I’m not quite sure where to go with this research next. But I think the connection to double categories, hinted at in this paper with the picture of the pinwheel configuration, is interesting:

- Robert Dawson, A forbidden-suborder characterization of binarily-composable diagrams in double categories,
*Theory and Applications of Categories***1**(1995), 146–153.

Maybe we should seriously study the double category where 2-cells are rectangles that are subdivided into smaller rectangles by guillotine cuts!

But I also keep hoping there’s some interesting number-theoretic significance to the proportions that come up when we divide a square into the similar rectangles. Can anyone see interesting patterns in Rahul Narain’s table of the polynomials obeyed by these ratios when we divide a square into 5 similar rectangles? It might be easiest to start by focusing on the rational numbers. His $u$ is my $1/x$:

u - 5 u^3 - 4*u^2 + u - 3 u^3 - 4*u^2 + 2*u - 4 2*u - 7 u^3 - 4*u^2 + 3*u - 3 2*u^3 - 6*u^2 + u - 2 u^3 - 3*u^2 + 2*u - 5 u^3 - 3*u^2 + 2*u - 4 2*u^3 - 6*u^2 + 2*u - 2 u^3 - 3*u^2 + u - 1 3*u - 8 u^3 - 3*u^2 + 3*u - 5 2*u^3 - 5*u^2 + u - 2 u^5 - 3*u^4 + 3*u^3 - 4*u^2 + u - 1 -2*u^2 + 6*u - 3 2*u^3 - 5*u^2 + 2*u - 3 3*u - 7 u^4 - 3*u^3 + 3*u^2 - 4*u + 2 2*u^3 - 5*u^2 + 3*u - 3 u^3 - 3*u^2 + 4*u - 4 -u^2 + 4*u - 4 4*u - 8 3*u^3 - 6*u^2 + u - 1 2*u^3 - 4*u^2 + 2*u - 3 u^3 - 2*u^2 + 3*u - 5 3*u^3 - 6*u^2 + 2*u - 2 u^5 - 2*u^4 + 3*u^3 - 5*u^2 + u - 1 2*u^3 - 4*u^2 + 3*u - 4 4*u - 7 u^3 - 2*u^2 + 4*u - 6 -u^3 + 3*u^2 - 4*u + 3 2*u^3 - 5*u^2 + 4*u - 2 2*u^3 - 4*u^2 + 3*u - 3 3*u^3 - 5*u^2 + 2*u - 3 5*u - 8 u^5 - 2*u^4 + 3*u^3 - 4*u^2 + u - 1 -3*u^2 + 6*u - 2 2*u^4 - 4*u^3 + 3*u^2 - 3*u + 1 3*u^3 - 5*u^2 + 2*u - 2 4*u^3 - 6*u^2 + u - 1 -2*u^3 + 4*u^2 - 3*u + 2 2*u^3 - 3*u^2 + 3*u - 4 u^5 - 2*u^4 + 3*u^3 - 4*u^2 + 2*u - 1 5*u - 7 u^3 - 2*u^2 + 3*u - 3 2*u^3 - 3*u^2 + 2*u - 2 -u^3 + 2*u^2 - 4*u + 4 3*u^3 - 5*u^2 + 3*u - 2 3*u^3 - 4*u^2 + u - 1 4*u^3 - 6*u^2 + 2*u - 1 4*u - 5 2*u^3 - 3*u^2 + 4*u - 4 -5*u + 6 6*u - 7

## GARTH

What if instead of a square, you require the outer rectangle to have the same aspect ratio as the pieces?

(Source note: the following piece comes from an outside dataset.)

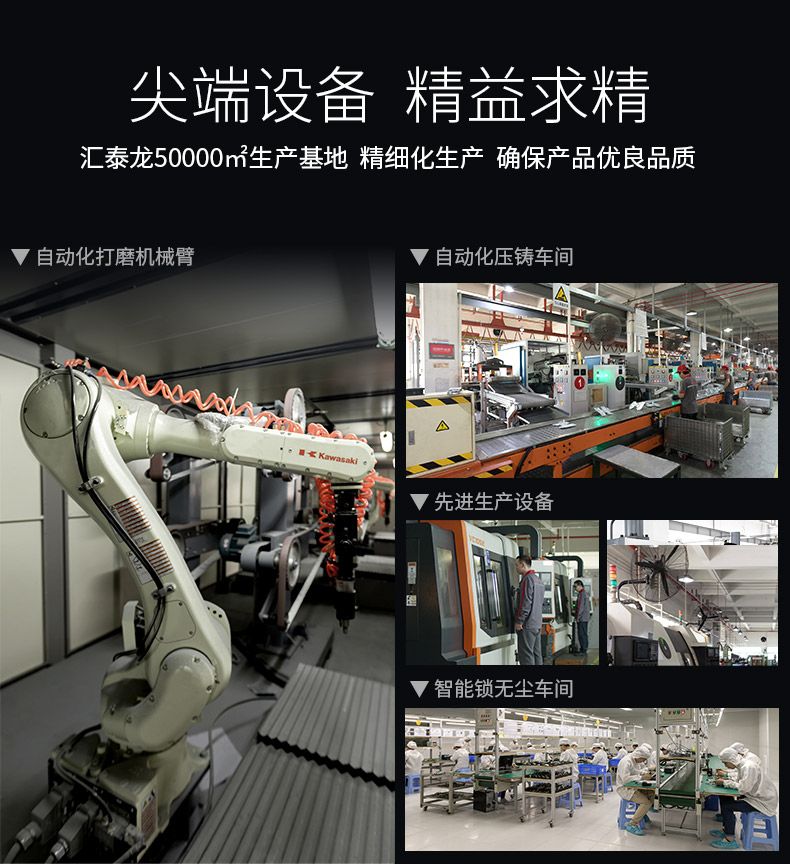 为确保产品优良品质,汇泰龙拥有50000㎡现代化生产基地,配备抛光除尘系统的全自动抛光设备、机械臂打磨、冲压、压铸等大批现代化生产设备。

The results for 2 and 3 pieces have similar arrangements to the square ones (I suspect this will generally be the case), but of course the numbers are different: sqrt(2)/2, sqrt(3)/3, (-1+sqrt(17))/4, and a cubic root approximately equal to 0.72449.

The first rational number (1/2) doesn’t show up until 4 pieces.